STUDY MATERIAL:
★ ★ ★ ★ ★ ★ ★
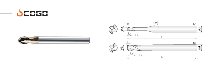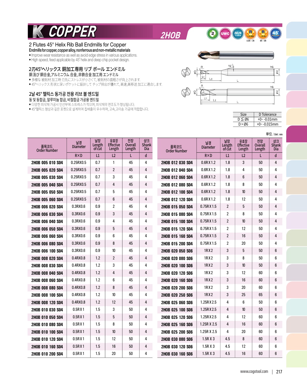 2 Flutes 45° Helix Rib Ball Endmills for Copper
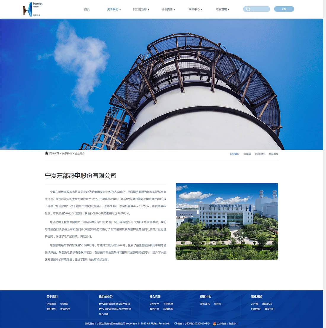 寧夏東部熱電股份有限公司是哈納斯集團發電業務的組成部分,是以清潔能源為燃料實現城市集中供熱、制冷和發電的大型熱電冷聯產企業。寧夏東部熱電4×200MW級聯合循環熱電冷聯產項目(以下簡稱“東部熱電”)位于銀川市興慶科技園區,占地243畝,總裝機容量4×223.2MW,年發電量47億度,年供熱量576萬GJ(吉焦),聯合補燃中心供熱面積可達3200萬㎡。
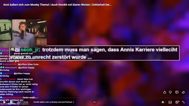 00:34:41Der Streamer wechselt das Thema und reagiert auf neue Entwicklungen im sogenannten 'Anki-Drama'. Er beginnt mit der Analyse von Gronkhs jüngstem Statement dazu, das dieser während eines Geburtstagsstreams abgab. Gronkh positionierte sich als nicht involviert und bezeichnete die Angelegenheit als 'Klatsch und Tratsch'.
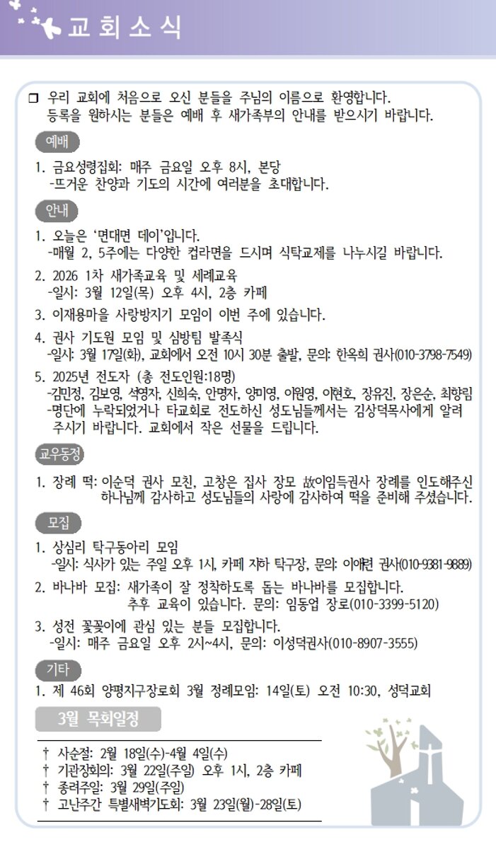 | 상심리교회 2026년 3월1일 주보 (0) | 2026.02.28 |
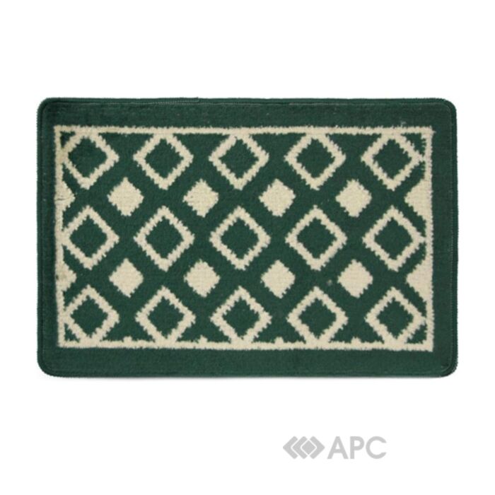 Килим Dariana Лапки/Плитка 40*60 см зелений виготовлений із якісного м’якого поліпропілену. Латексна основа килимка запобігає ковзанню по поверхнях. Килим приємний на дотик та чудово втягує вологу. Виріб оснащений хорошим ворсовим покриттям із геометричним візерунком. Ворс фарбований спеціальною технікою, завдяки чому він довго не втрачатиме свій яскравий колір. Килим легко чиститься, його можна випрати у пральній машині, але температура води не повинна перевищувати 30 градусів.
★ ★ ★ ★ ★ ★ ★
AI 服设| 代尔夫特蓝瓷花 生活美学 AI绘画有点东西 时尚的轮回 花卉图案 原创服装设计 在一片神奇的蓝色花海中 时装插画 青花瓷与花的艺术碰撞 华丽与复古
★ ★ ★ ★ ★ ★ ★
ACTIVITY:
From the records above, copy only the lines running from the line holding "2 Flutes 45°" through the line holding "Килим Dariana Лапки/Плитка", with no pictures.

RESULT:
 2 Flutes 45° Helix Rib Ball Endmills for Copper
 寧夏東部熱電股份有限公司是哈納斯集團發電業務的組成部分,是以清潔能源為燃料實現城市集中供熱、制冷和發電的大型熱電冷聯產企業。寧夏東部熱電4×200MW級聯合循環熱電冷聯產項目(以下簡稱“東部熱電”)位于銀川市興慶科技園區,占地243畝,總裝機容量4×223.2MW,年發電量47億度,年供熱量576萬GJ(吉焦),聯合補燃中心供熱面積可達3200萬㎡。
 00:34:41Der Streamer wechselt das Thema und reagiert auf neue Entwicklungen im sogenannten 'Anki-Drama'. Er beginnt mit der Analyse von Gronkhs jüngstem Statement dazu, das dieser während eines Geburtstagsstreams abgab. Gronkh positionierte sich als nicht involviert und bezeichnete die Angelegenheit als 'Klatsch und Tratsch'.
 | 상심리교회 2026년 3월1일 주보 (0) | 2026.02.28 |
 Килим Dariana Лапки/Плитка 40*60 см зелений виготовлений із якісного м’якого поліпропілену. Латексна основа килимка запобігає ковзанню по поверхнях. Килим приємний на дотик та чудово втягує вологу. Виріб оснащений хорошим ворсовим покриттям із геометричним візерунком. Ворс фарбований спеціальною технікою, завдяки чому він довго не втрачатиме свій яскравий колір. Килим легко чиститься, його можна випрати у пральній машині, але температура води не повинна перевищувати 30 градусів.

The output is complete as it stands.